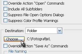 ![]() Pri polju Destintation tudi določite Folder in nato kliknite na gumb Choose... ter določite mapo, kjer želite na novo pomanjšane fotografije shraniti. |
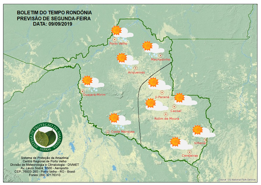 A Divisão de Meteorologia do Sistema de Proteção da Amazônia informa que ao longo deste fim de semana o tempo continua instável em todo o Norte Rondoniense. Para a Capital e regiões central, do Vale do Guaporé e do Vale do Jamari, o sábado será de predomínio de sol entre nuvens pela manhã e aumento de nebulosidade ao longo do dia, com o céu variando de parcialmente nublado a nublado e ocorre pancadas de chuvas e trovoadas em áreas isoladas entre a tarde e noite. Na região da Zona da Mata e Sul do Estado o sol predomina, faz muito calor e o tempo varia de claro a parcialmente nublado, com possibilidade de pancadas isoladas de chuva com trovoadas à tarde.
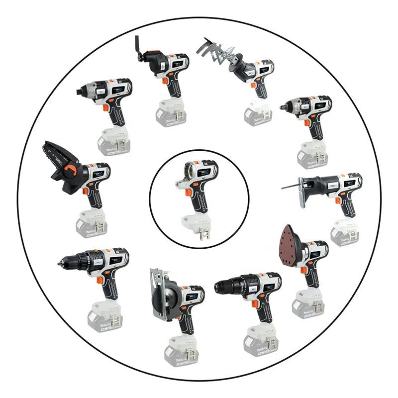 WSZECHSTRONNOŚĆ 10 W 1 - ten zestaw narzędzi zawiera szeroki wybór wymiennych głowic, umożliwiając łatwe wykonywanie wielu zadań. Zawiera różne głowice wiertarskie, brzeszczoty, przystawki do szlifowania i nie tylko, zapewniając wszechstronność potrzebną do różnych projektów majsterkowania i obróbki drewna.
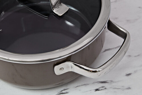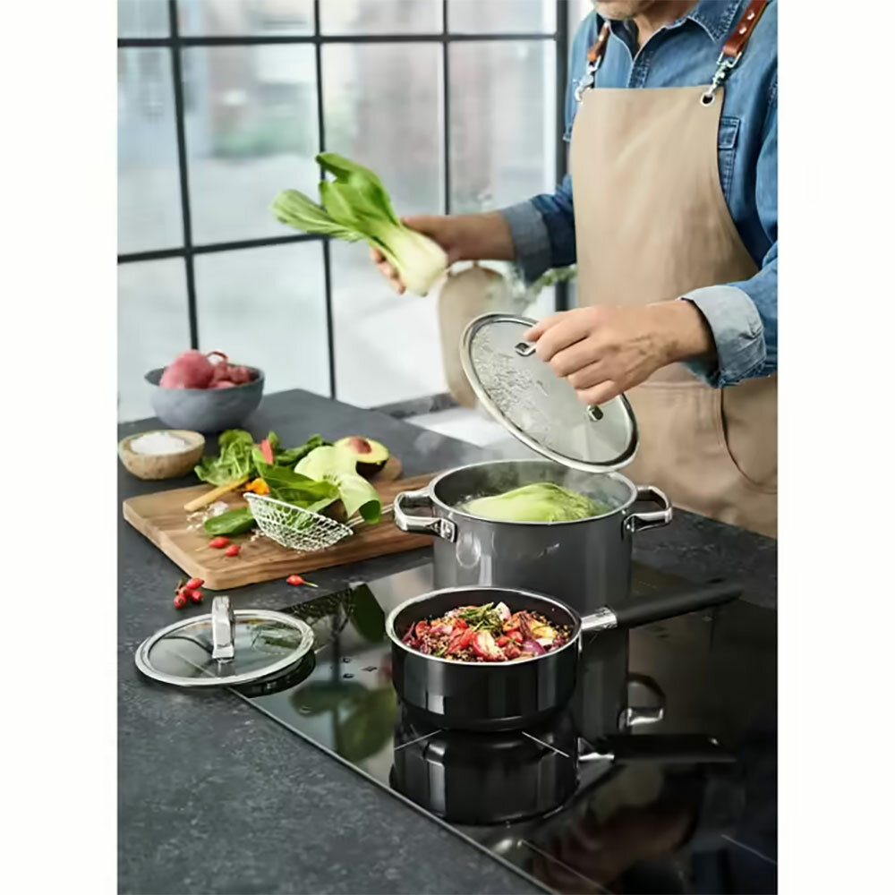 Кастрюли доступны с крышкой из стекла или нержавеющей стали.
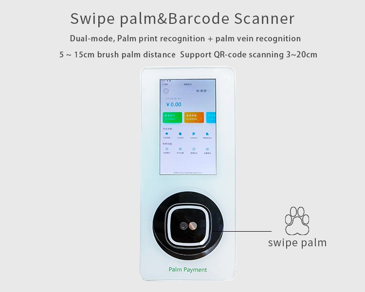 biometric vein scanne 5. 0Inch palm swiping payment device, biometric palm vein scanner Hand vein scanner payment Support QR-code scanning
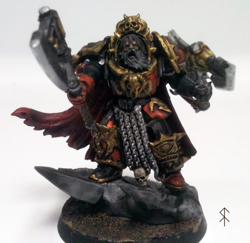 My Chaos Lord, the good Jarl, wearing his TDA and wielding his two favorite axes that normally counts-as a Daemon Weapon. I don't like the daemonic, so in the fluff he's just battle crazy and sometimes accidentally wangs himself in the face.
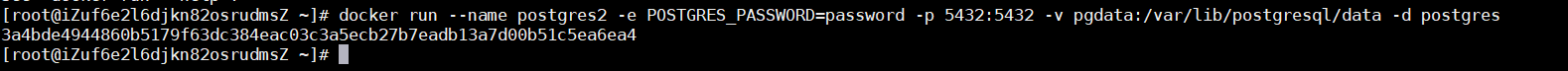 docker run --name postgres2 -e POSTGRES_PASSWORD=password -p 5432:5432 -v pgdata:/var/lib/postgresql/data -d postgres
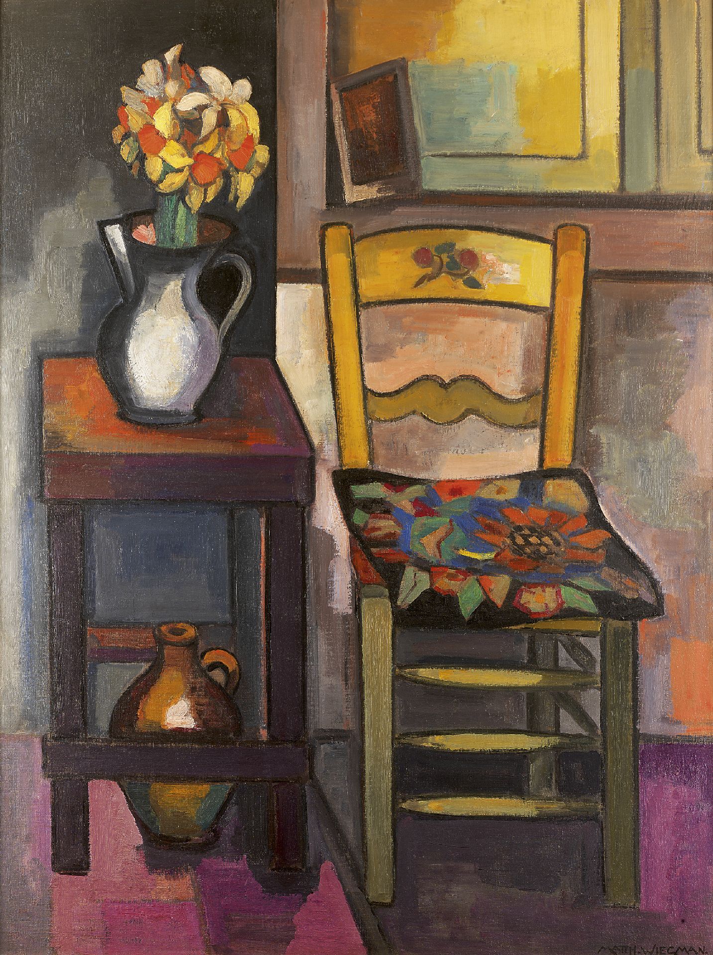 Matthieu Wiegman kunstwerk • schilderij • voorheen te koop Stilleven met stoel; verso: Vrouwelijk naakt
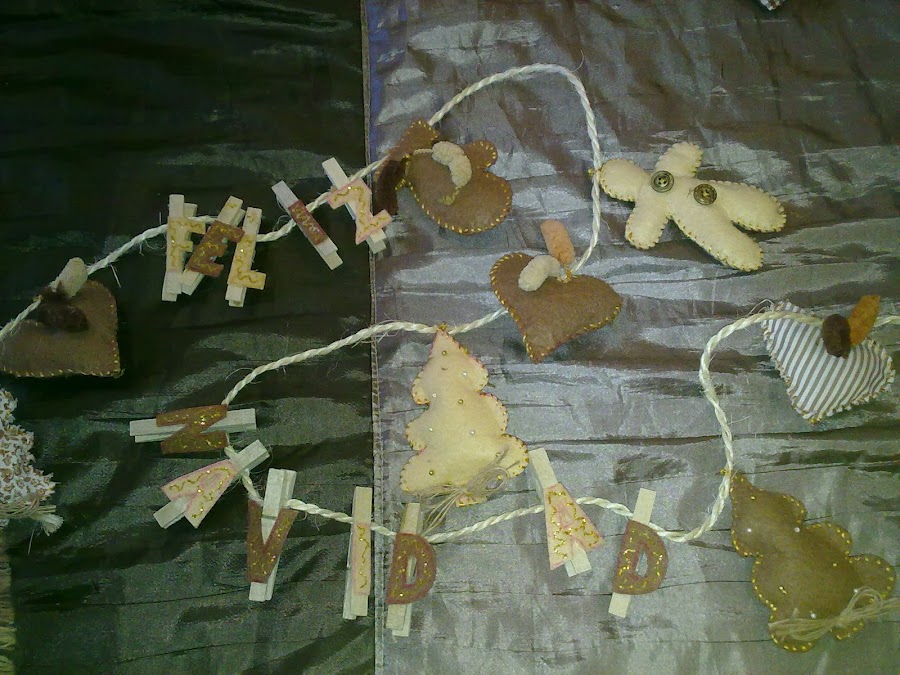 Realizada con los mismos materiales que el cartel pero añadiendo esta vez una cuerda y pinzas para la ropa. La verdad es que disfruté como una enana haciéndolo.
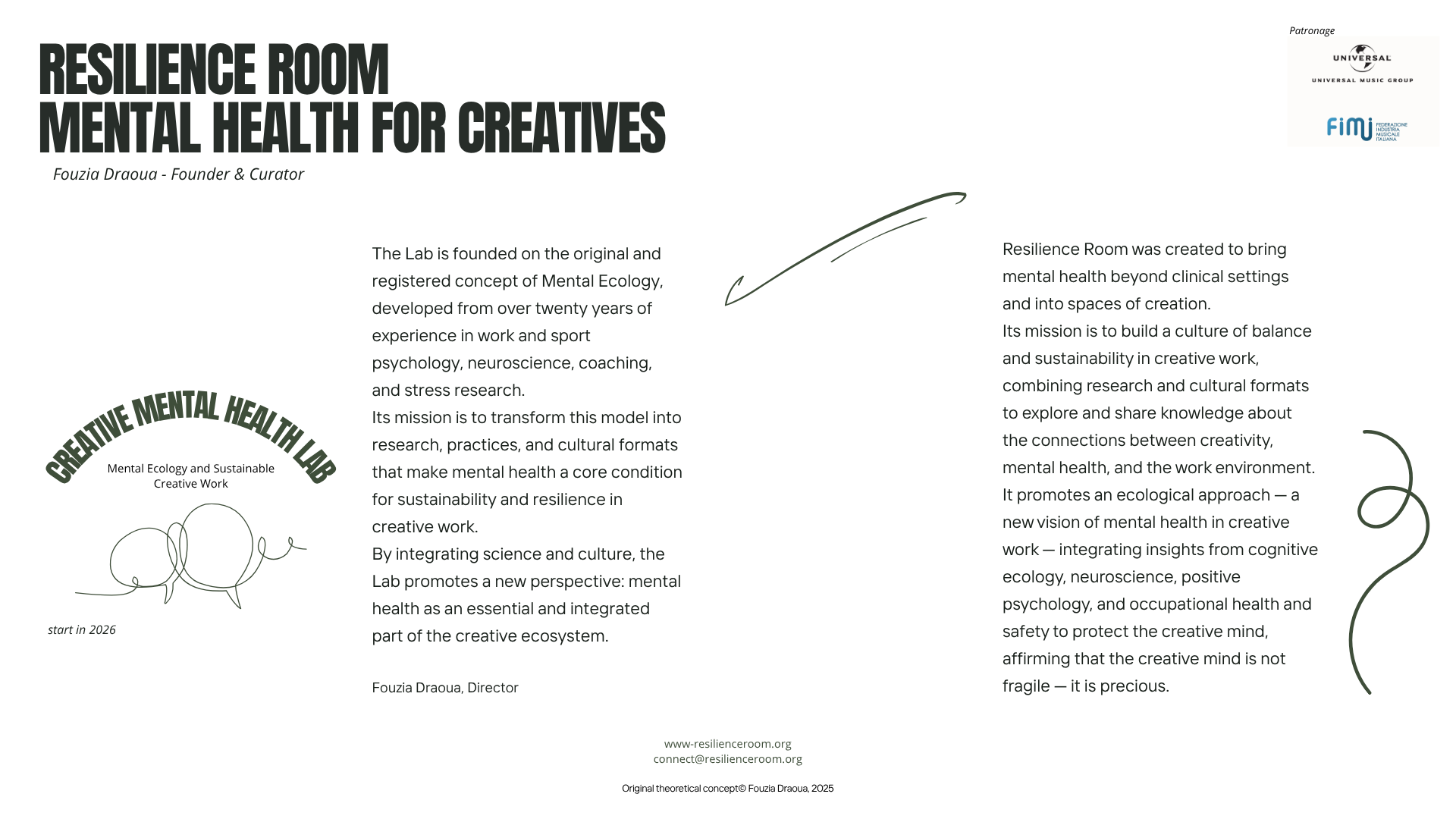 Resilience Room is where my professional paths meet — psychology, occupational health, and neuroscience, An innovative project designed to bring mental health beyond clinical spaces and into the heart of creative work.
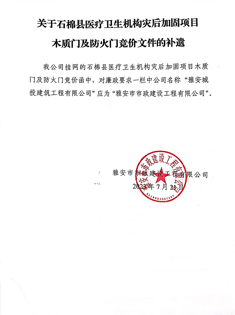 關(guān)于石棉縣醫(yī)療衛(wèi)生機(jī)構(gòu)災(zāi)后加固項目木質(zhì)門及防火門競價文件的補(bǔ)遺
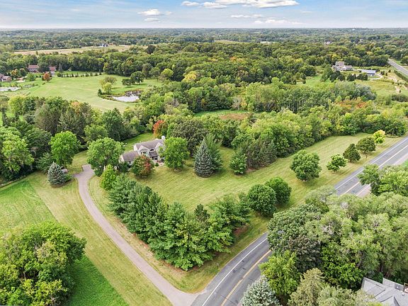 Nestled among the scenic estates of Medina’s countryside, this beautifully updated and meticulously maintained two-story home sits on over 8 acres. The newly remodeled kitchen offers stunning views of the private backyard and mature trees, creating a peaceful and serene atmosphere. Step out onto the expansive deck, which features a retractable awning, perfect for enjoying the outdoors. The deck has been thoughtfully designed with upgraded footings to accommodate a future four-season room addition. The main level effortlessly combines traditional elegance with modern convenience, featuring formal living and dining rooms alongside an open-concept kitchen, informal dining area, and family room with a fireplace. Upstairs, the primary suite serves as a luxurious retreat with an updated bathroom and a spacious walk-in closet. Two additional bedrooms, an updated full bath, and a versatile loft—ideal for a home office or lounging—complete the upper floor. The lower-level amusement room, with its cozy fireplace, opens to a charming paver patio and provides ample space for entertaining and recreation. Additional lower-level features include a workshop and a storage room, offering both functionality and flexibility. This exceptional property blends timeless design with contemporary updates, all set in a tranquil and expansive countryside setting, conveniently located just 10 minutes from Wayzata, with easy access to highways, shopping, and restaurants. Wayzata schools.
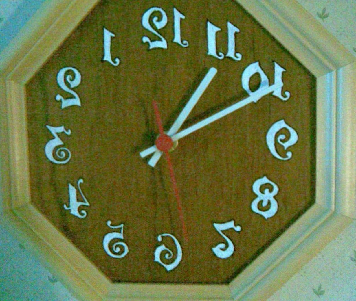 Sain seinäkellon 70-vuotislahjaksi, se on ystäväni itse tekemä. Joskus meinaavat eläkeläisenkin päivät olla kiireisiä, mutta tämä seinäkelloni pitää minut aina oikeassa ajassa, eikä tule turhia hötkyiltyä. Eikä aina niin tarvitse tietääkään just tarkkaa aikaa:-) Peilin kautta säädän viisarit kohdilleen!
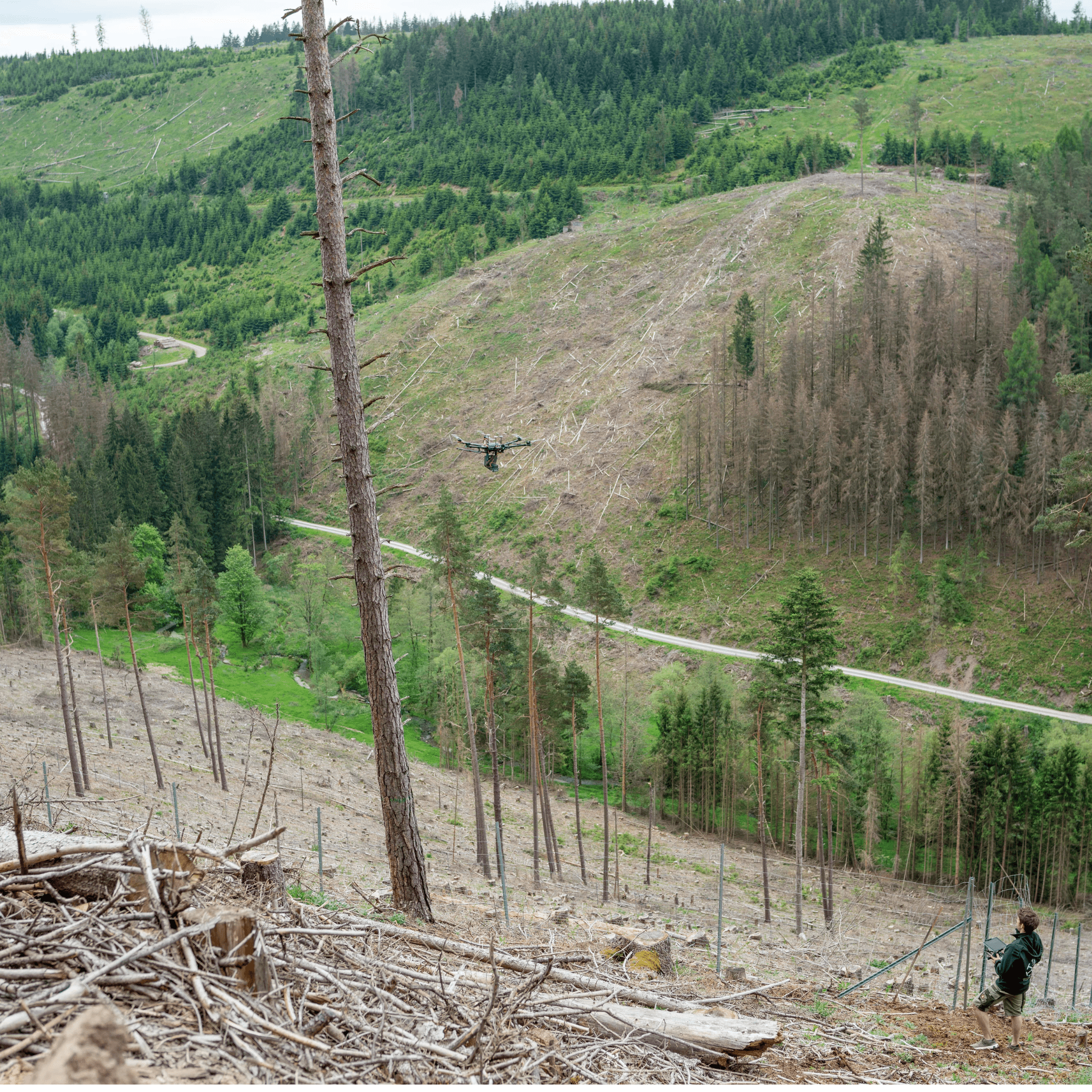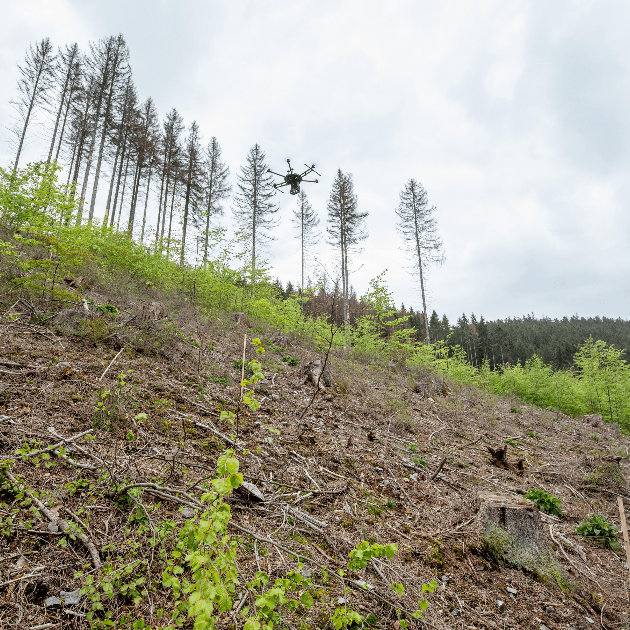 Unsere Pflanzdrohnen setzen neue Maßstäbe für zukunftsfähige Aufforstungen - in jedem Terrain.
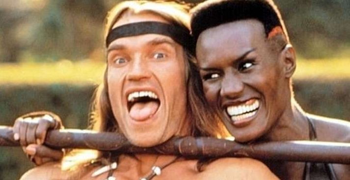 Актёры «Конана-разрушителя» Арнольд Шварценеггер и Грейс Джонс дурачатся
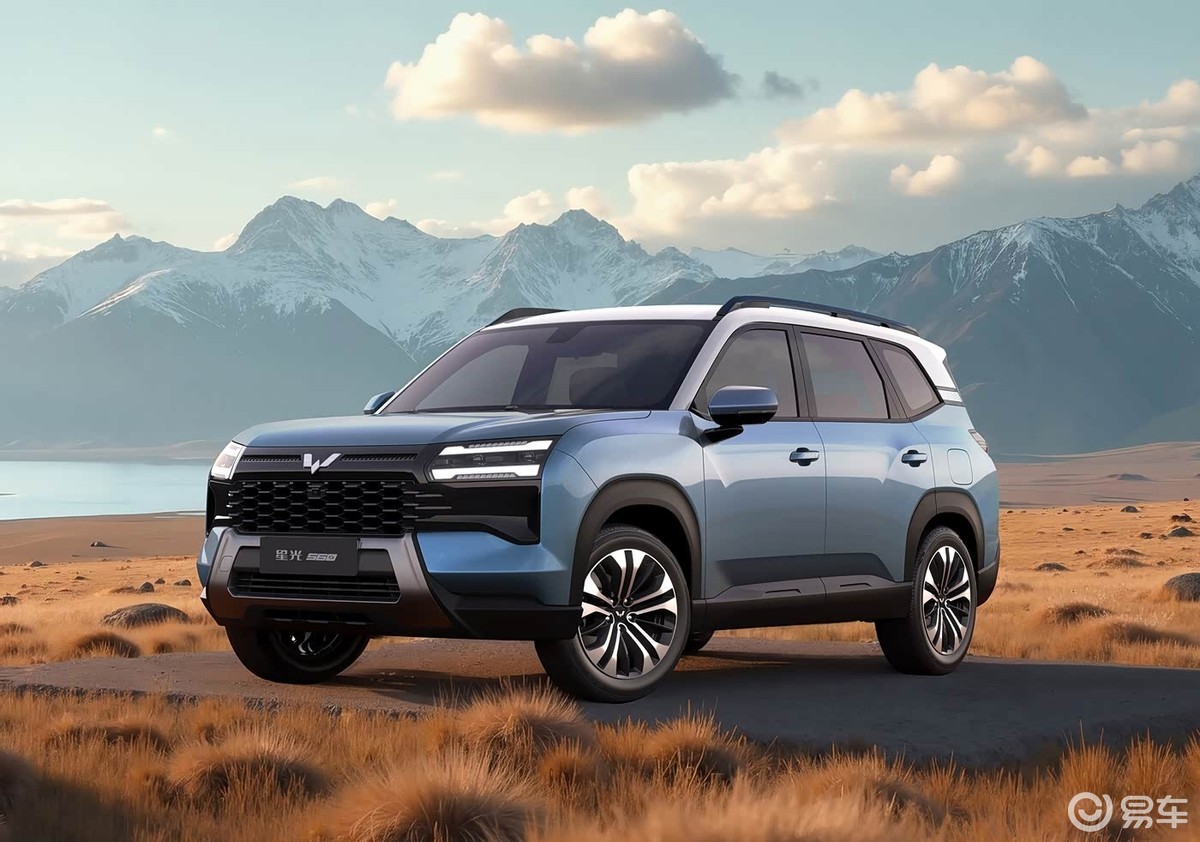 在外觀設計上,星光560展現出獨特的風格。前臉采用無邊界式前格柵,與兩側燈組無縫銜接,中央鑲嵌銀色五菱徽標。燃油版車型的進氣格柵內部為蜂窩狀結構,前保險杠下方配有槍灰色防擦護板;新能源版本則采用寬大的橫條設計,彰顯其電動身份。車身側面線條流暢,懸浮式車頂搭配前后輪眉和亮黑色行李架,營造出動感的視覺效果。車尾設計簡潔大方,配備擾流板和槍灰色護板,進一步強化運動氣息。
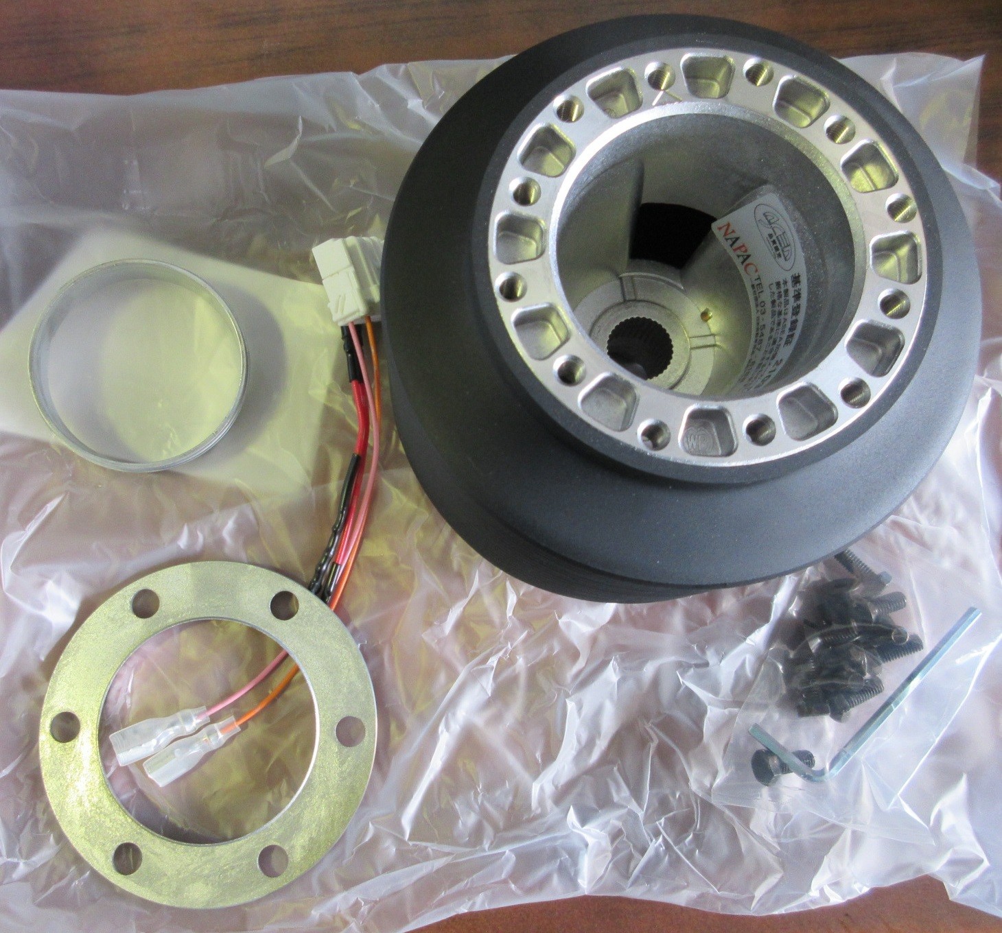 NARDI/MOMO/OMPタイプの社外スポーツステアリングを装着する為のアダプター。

★ ★ ★ ★

#### [TASK PROMPT]
Drop the pictures, then transcribe the lines from the one containing "Грейс Джонс дурачатся" to the end of the data above, exactly and nothing more.

#### [ANSWER SPACE]
 Актёры «Конана-разрушителя» Арнольд Шварценеггер и Грейс Джонс дурачатся
 在外觀設計上,星光560展現出獨特的風格。前臉采用無邊界式前格柵,與兩側燈組無縫銜接,中央鑲嵌銀色五菱徽標。燃油版車型的進氣格柵內部為蜂窩狀結構,前保險杠下方配有槍灰色防擦護板;新能源版本則采用寬大的橫條設計,彰顯其電動身份。車身側面線條流暢,懸浮式車頂搭配前后輪眉和亮黑色行李架,營造出動感的視覺效果。車尾設計簡潔大方,配備擾流板和槍灰色護板,進一步強化運動氣息。
 NARDI/MOMO/OMPタイプの社外スポーツステアリングを装着する為のアダプター。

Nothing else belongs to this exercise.